# Best Vanilla



## dixiedragon (Dec 4, 2013)

I am low on Vanilla FO. I like my current vanilla, but I don't love and adore it. What is your very fav vanilla? which ones have you tried that weren't as good?


----------



## mkstylessoap (Dec 4, 2013)

I use vanilla bean by natures garden and it is very popular along with mixing well with other fragrances.


----------



## Nikon (Dec 4, 2013)

I was just going to ask that question here.  I was considering the vanilla de Madagascar from daystar-couldn't find any good reviews on it from scent review.  I think they are sold out of ultimate vanilla


----------



## dixiedragon (Dec 5, 2013)

bump hoping for more opinions.


----------



## tinytreats (Dec 5, 2013)

I got a 2oz sample of Fresh Vanilla from WSP, and I loved the smell so much I bought a 32 oz bottle. It smells AMAZING in soy candles, but not so great in CP. I find it to be too faint. Thought I'd mention it none the less.


----------



## Numbers (Dec 5, 2013)

I like the vanilla bean from natures garden as well.


----------



## judymoody (Dec 5, 2013)

The Vaniglia de Madagascar from Daystar is good as well as the Vaniglia from the Soapworks.

I really like the Bourbon Vanilla from Soapalooza.  It's a more vanilla extract type vanilla as opposed to a floral vanilla.  Very yummy.


----------



## MaitriBB (Dec 6, 2013)

I don't use vanilla a lot, but I did use Scent Works's Vaniglia de Madagascar and liked it.


----------



## dixiedragon (Dec 6, 2013)

Judy, did you try the Vanilla Bourban in CP? It sounds like what I want.


----------



## judymoody (Dec 6, 2013)

It goes very dark brown and to my nose seems quite strong.  You could use it at .5 or .6 oz. PPO.

Brush a little metallic mica on the top and it can look quite pretty.


----------



## ca_soap (Jan 29, 2014)

I'm searching for a vanilla as the last couple I have tried have not given me the results I am looking for.  I have never purchased from Scent Works.  I was looking at their vanilla as it was mentioned in this thread and one thing I noticed was that it says the Vaniglia de Madagascar is packaged in HDPE packaging.  Do they package their fragrance oils in plastic??  If so I must say that I am very reluctant to try any fragrance oil that has been packaged in plastic, something about that just doesn't seem like a good idea to me.  For those that have used Scent Works, what are your thoughts on their products??


----------



## new12soap (Jan 29, 2014)

Almost all suppliers ship fragrance oils in plastic bottles. The 2 exceptions with which I am familiar are WSP and BB. Nature's Garden, Aztec, AH/RE, Daystar all ship in plastic. It is lighter and cheaper to ship and far less breakable. If you don't want to order from suppliers that ship in plastic you will be very limited as to where you buy. Many people transfer their FOs to glass after they arrive, I don't bother but it wouldn't be a bad idea.

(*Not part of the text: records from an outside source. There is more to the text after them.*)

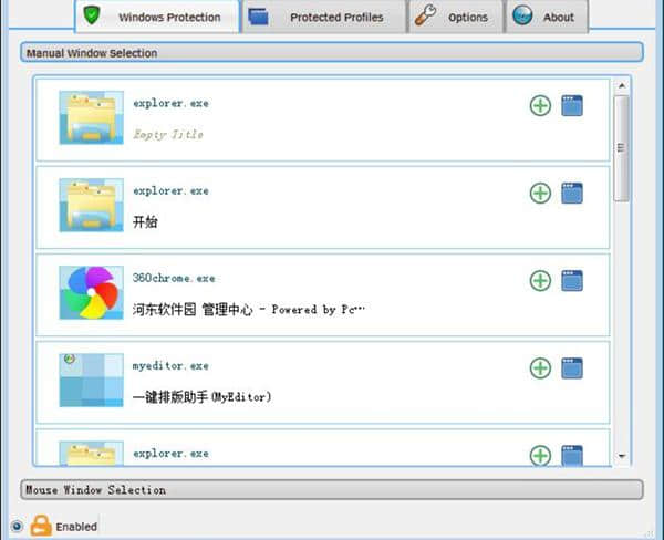 3.通过加入保护列表来创建受保护应用程序窗口的列表。
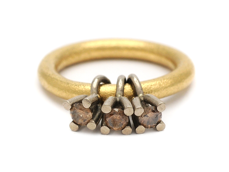 RING, 18K, guld, 3 bruna brilj ca 0,45 ctv, 1 skadad, Sandberg, originaletui, vikt 9,9 g, stl. 17,5 mm vikt 9,9 g
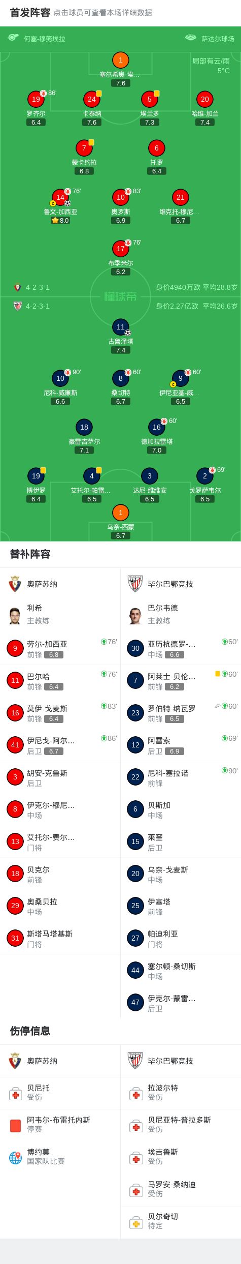 奥萨苏纳11毕尔巴鄂竞技,鲁文加西亚破僵,古鲁泽塔扳平

eta: I love NG's Vaniglia del Madigascar, slighly floral very vanilla not too sickly sweet.


----------



## ca_soap (Jan 29, 2014)

I use WSP and BB for nearly all of my supplies when it comes to colors and fragrance/essential oils.  I suppose that explains why plastic seemed odd to me.


----------



## jaychis (Feb 1, 2014)

We used BB vanilla select on a batch we made 3 weeks ago. The bars are a nice brown color as expected. I don't mind the fragrance, but my wife does not care for the the scent. It does have a vanilla scent, but it's more like a cream soda scent. It doesn't sound appealing, but to me it's not that bad. There is a vanilla scent there. We are also looking for another vanilla FO that has a nice vanilla fragrance.


----------